Mama and Dida had come down to my house that day, making their way slow up the twisting docks, holding lanterns and dressed up for the play, looking like crazy pirate explorers. Their long hair whipped in the wind behind them; their skirts were half-damp with the water splashing up through the planks. They were a colorful mess of fabrics, bangles, canes, hats, and bags. Mama had her hand on Dida’s shoulder, tentatively following behind her.
I’m gonna ask Old Jim to put back those ropes connecting us.
“How’s my new great-grandbaby doin’?” Dida asked as we met them on the grass in front of my porch.
“She’s just fine,” I said.
“Can’t the girl speak for herself?” asked Claudette.
Maybe those ropes could stay cut a little while longer.
“Don’t start, you two,” said Dida. “Anyone seen Millie? Craven and JuneBug are up at the hall putting the last few touches on the set. Craven keeps on yellin’ about people bein’ on their way. How many people came last year, Claudette, two? And with this storm, we’ll be lucky if anyone comes at all. Just in case, though, I got some girls in from Tivoli Proper gettin’ the food ready. Now, Frances, I just want you to know, it’s been real nice having you back with us. Just like the old days. Really, though, where is that Millie Bliss?”

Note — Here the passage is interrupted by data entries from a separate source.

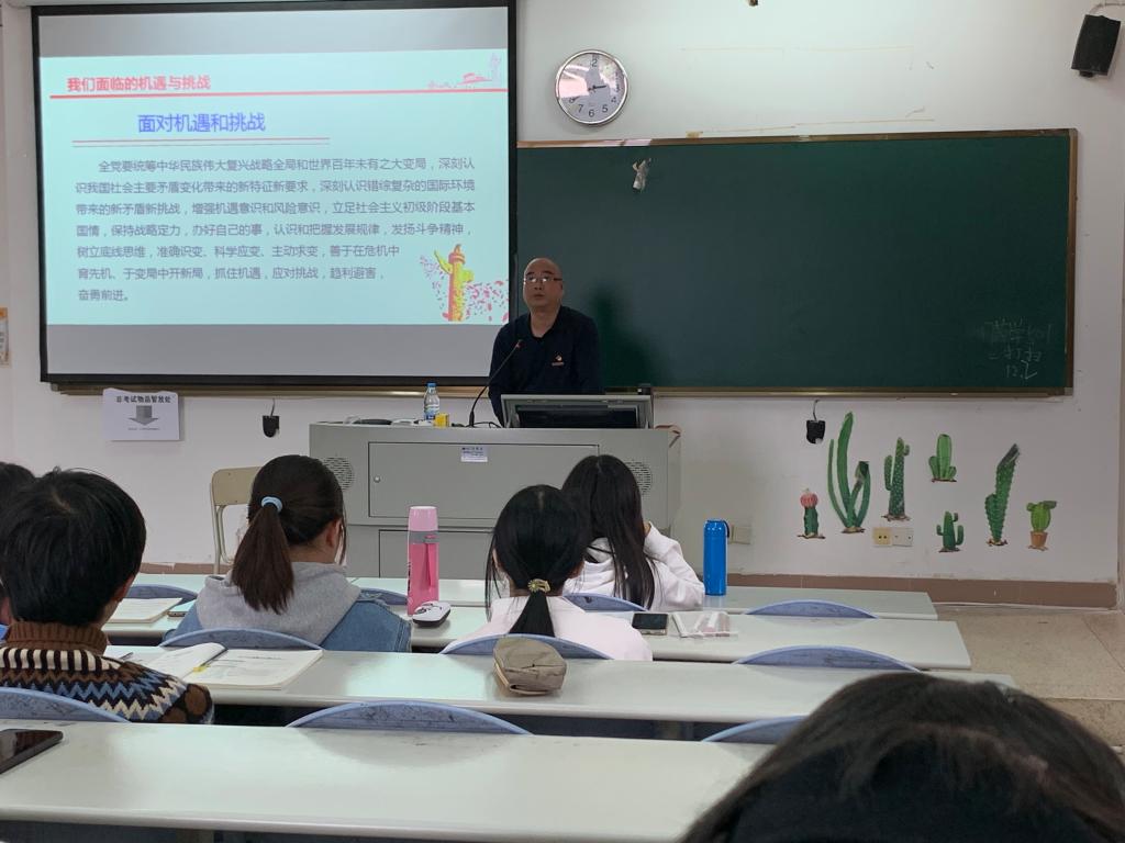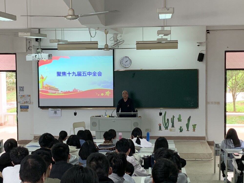 邱滾忠書記從十九屆五中全會(huì)背景介紹起,“十四五”時(shí)期是我國全面建成小康社會(huì)、實(shí)現(xiàn)第一個(gè)百年奮斗目標(biāo)之后,乘勢而上開啟全面建設(shè)社會(huì)主義現(xiàn)代化國家新征程、向第二個(gè)百年奮斗目標(biāo)進(jìn)軍的第一個(gè)五年。我國發(fā)展仍然處于重要戰(zhàn)略機(jī)遇期,但面臨的國內(nèi)外環(huán)境正在發(fā)生深刻復(fù)雜變化。邱書記還講解了“十三五”以來取得的成就以及我們面臨的機(jī)遇與挑戰(zhàn),同學(xué)們聽后紛紛表示將繼續(xù)認(rèn)真學(xué)習(xí)黨的十九屆五中全會(huì)精神,并積極投身新征程,展現(xiàn)新作為,為全面建設(shè)社會(huì)主義現(xiàn)代化國家貢獻(xiàn)自己的力量。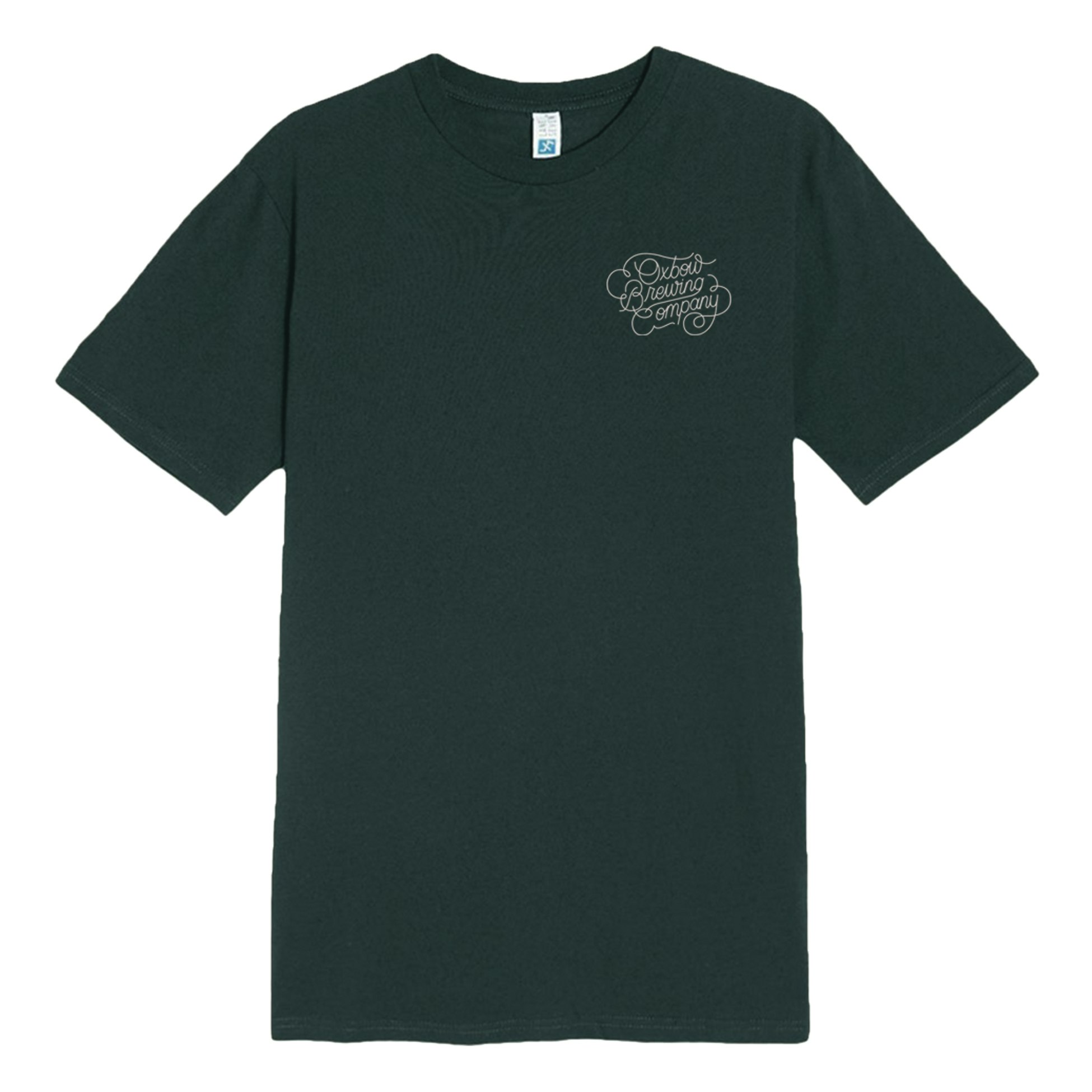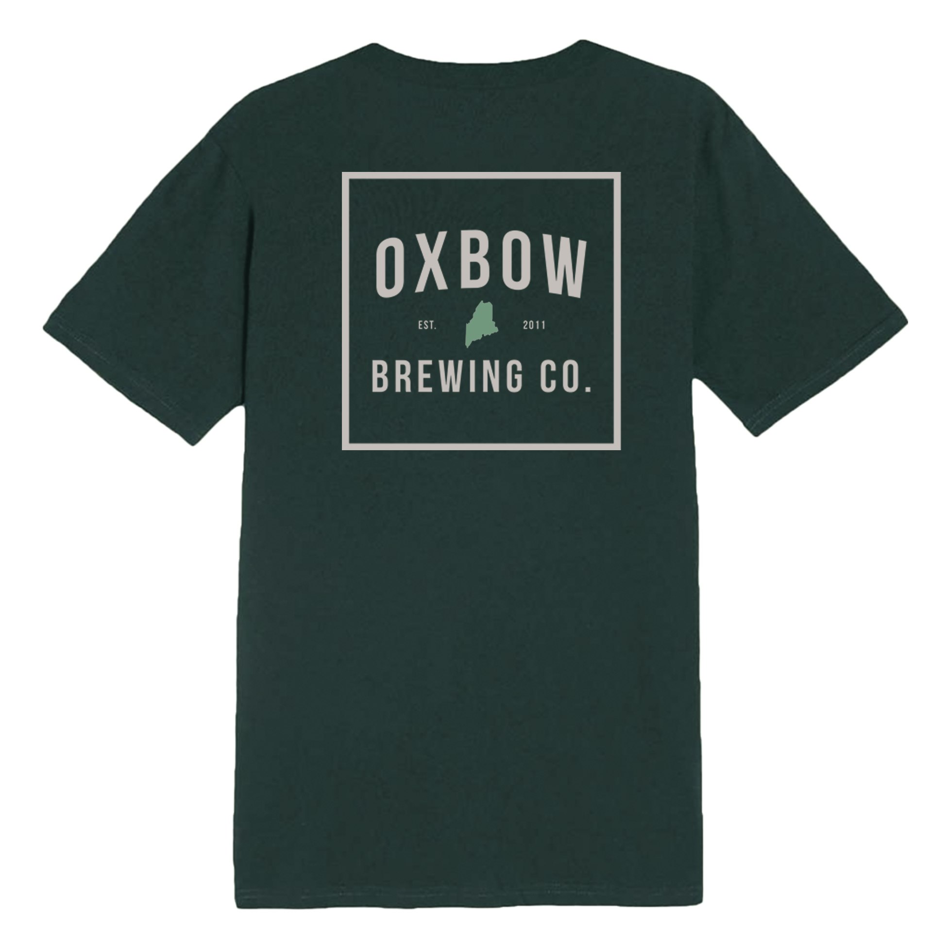 Green Lane Seven heavyweight tee with a relaxed fit. Features the Oxbow script logo on the front left chest and bold back print with “OXBOW BREWING CO.” and a light green Maine silhouette.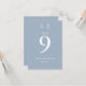 These chic modern dusty blue and gold wedding table numbers can be personalised with your monogram initials, names and special date. Designed by Thisisnotme©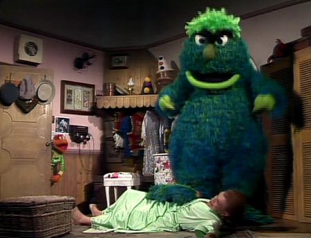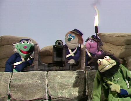 | Crazy Harry and a troop of Whatnot soldiers blow up houses, trees and airplanes to the tune of "Night Train." They blow a hole in the wall beside Statler and Waldorf's balcony. | |
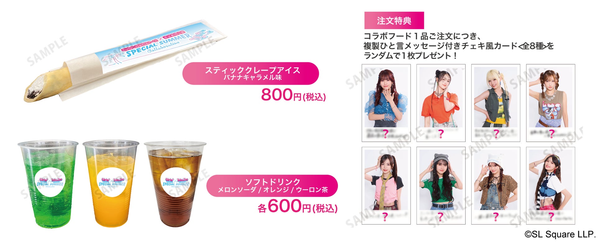 また、メンバーが制作に携わったオリジナルコラボグッズも誕生。この夏に活躍間違いなしの保冷トートバッグと、本コラボレーション限定の撮りおろしビジュアルを用いたアクリルキーホルダーを販売します。ほかにもGirls²メンバーの等身大パネルと写真を撮ることができるスペシャルフォトブースの設置や、コラボフードの販売、本コラボのために収録した撮り下ろし音声によるスペシャルなプール場内アナウンスの放送など、コンテンツ盛りだくさんのコラボレーションとなります。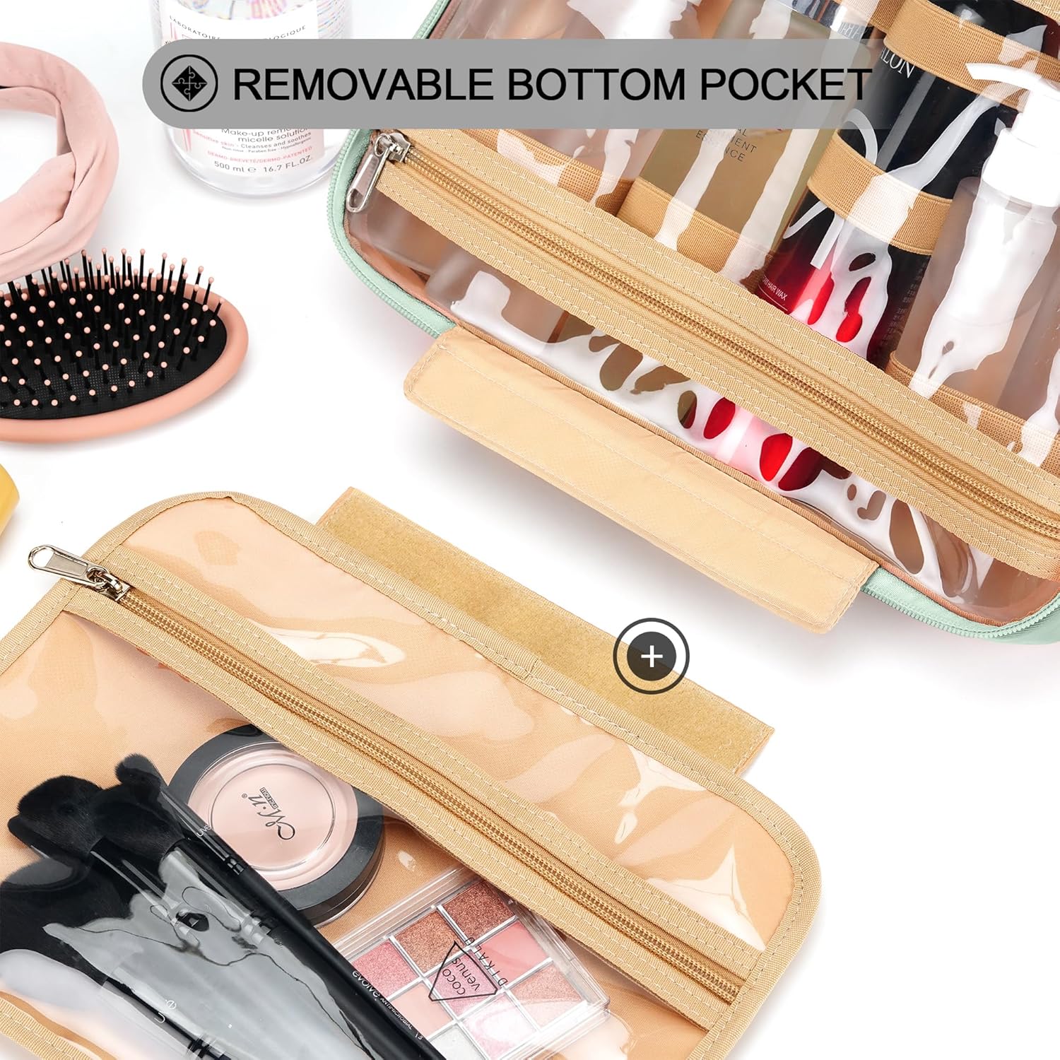 Travel Hanging Toiletry Bag for Women, Cruise Ship Essentials, with Jewelry Organizer, Extra Large Makeup Dopp Kit, Waterproof Cosmetic Bags, Toiletries Kit Set with Trolley Belt, Green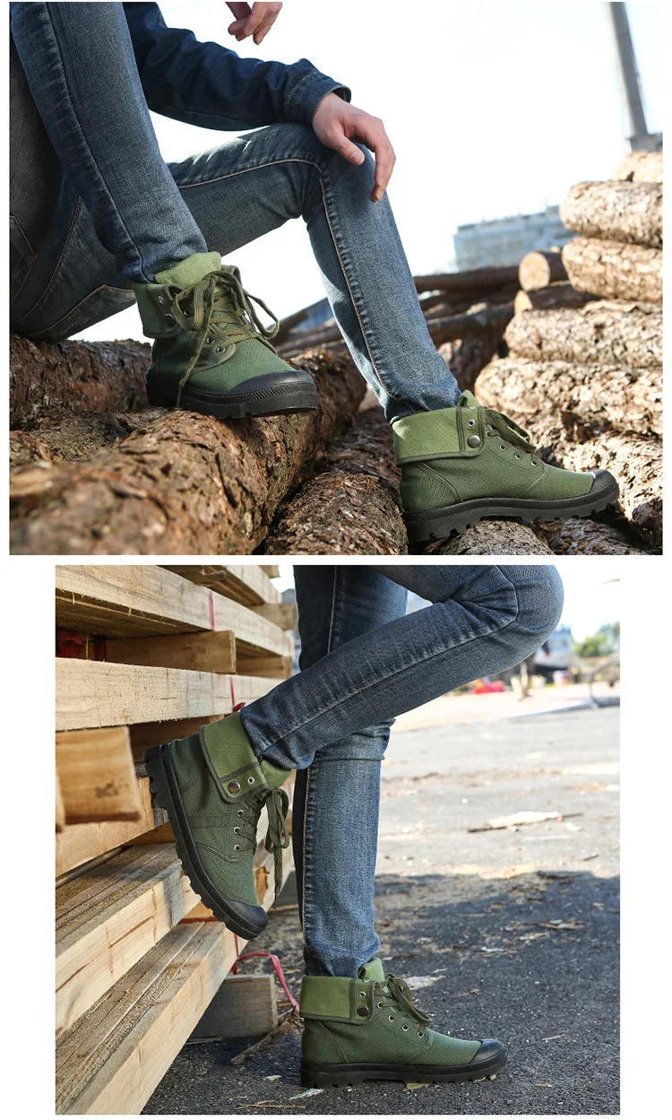 Новая Демисезонная обувь мужские ботинки парусиновая обувь дышащие высокие мужские ботинки мужские Брендовые ботильоны армейского зеленого цвета ZH2225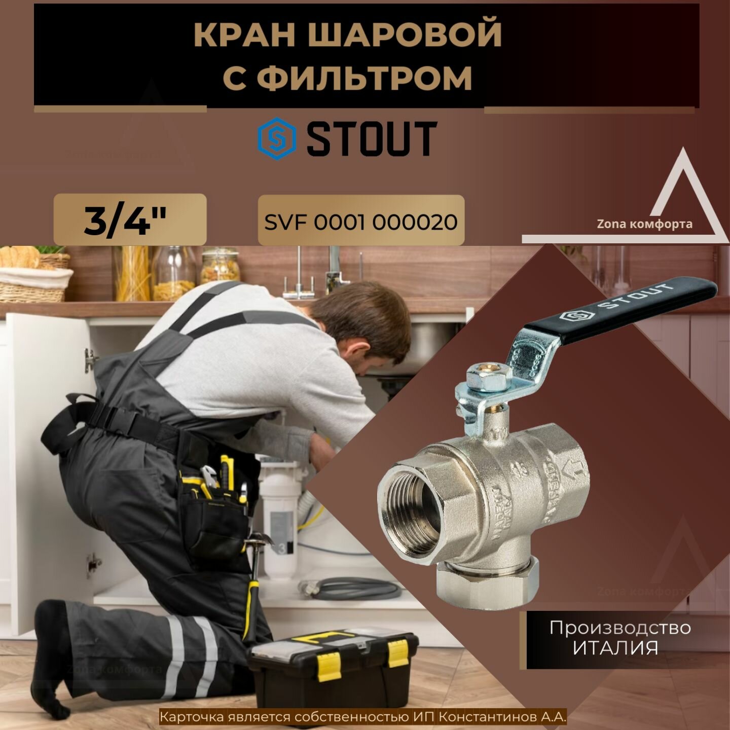 Купить Кран шаровый 3/4 с фильтром Stout рычаг SVF 0001 000020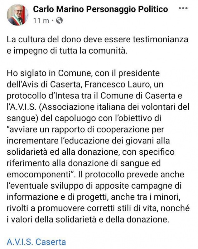 CE. Protocollo d'Intesa Comune-AVIS. Marino: "Rapporto di cooperazione per incrementare l'educazione dei giovani"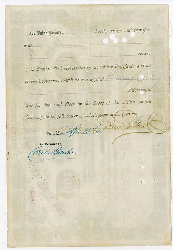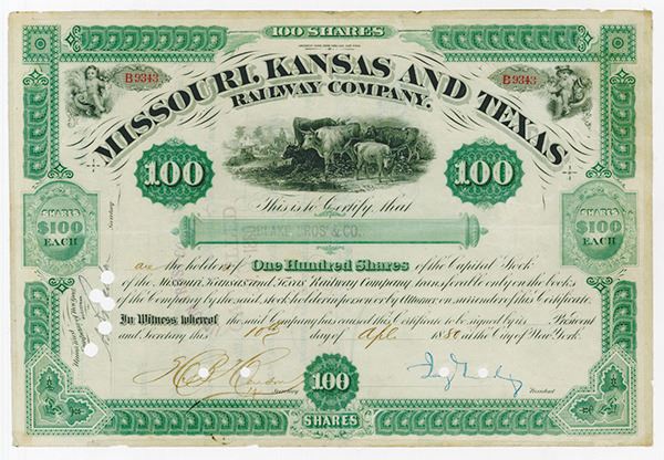 Texas, Missouri, Kansas. 100 Shares, I/C, certificate, green border and underprint, POC's, Gould's signature is very nice, Well known as a "Robber Baron". ABNC.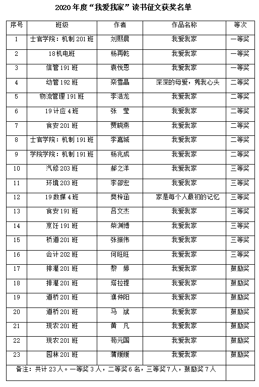 2020年10月--2021年3月,“我爱我家”读书征文活动在学院范围共征集征文300余篇,经评比,遴选出优秀征文作品23篇,其中一等奖3篇,二等奖6篇,三等奖7篇,鼓励奖7篇。
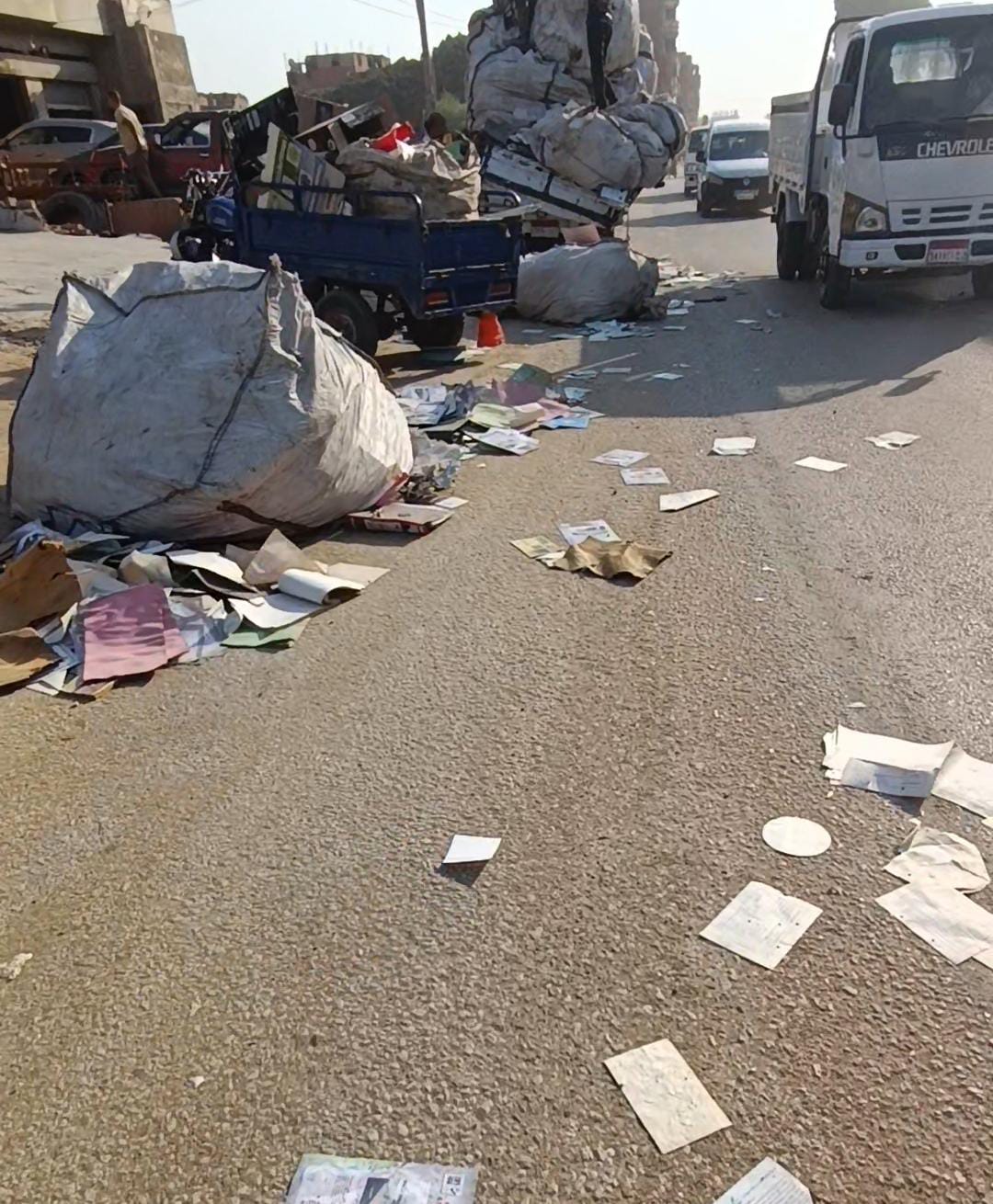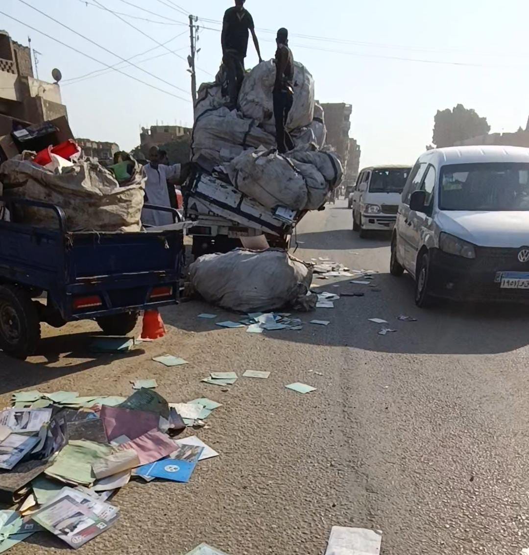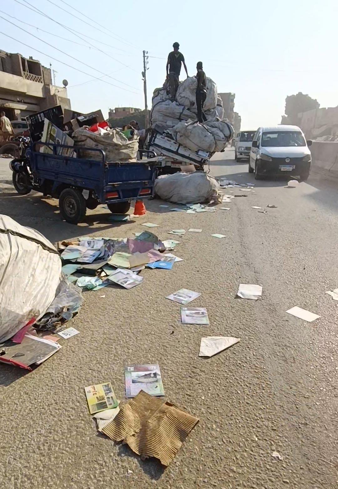 وتظهر الصور سقوط عدد من الأجولة الضخمة المحملة بالورق من على السيارة، فيما صعد عدد من العمال على السيارة لمحاولة إعادة ترتيب الحمولة يدويًا وسط الطريق.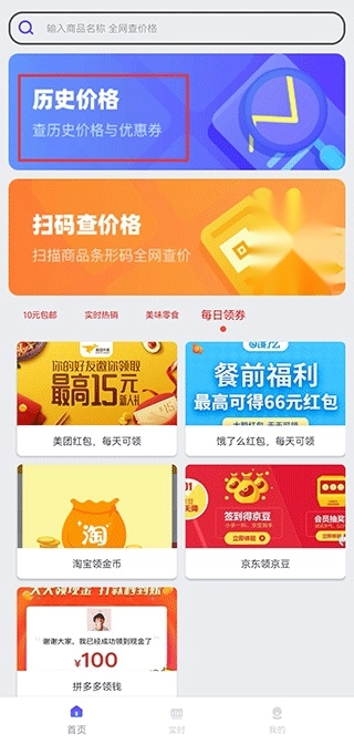搜索商品名称,即可查询各大电商平台的实时价格、可用优惠券以及该商品的历史价格变动情况。

And as if Dida’d conjured her up, Millie came from around the back of my shack, swatting at the gnats that were growing thicker as dusk fell.
“I feel as if someone is calling my name,” she said spookily, like a witch called from the grave in one of those old movies we used to sneak into town to see.
“Girl, where you been?! There’s still a lot of work to do. And people … well, if they come, they’ll start rowing up to our dock in less than an hour!” said Claudette.
Millie walked up my porch steps and threw herself down on a chair, laughing. “One, ain’t no one comin’. Two, you don’t need me. Frances the Great has come back from her exile to take over her rightful place in the Sorrow world. Now, let’s see … she made all the tinctures and teas, prepared all the herbs and flowers, and she got the lead role in our play. So, what is it you needed? Did you need me to babysit this new kid? Because, I thought for sure I was done babysitting.”
I wasn’t sure if Millie was drunk, tired, or just plain mad. And, we Sorrows—and I always considered her one of us—really do love our sarcasm. But this was over-the-top, even for Millie.
“Now, you just wait a minute—” I started.
Sippie tucked her hand quickly inside of mine. “It’s okay, Frances. Everyone’s just all worked up.”
“You know what, Sippie?” Millie said, standing up. “You right. The whole world is humming. You feel it?”
“Sure is. Especially you. You in rare form, Miss Millie,” said Dida.
“I hear a boat,” said Claudette. “Come on, ladies, let’s head back and get ourselves all ready. It’s time.”
“Oh look, it’s Danny,” said Millie, who sat on the bottom step of my porch, lit a cigarette, and looked like a cobra, those green eyes shining like slits.
I looked up the bayou to Danny and back at Millie. “What is the matter with you?” I asked. “You look about ready to kill someone.”
“Oh, Frankie. Hush. Just go on, run to your man,” she said, suddenly very sad and waving me away in a plume of cigarette smoke.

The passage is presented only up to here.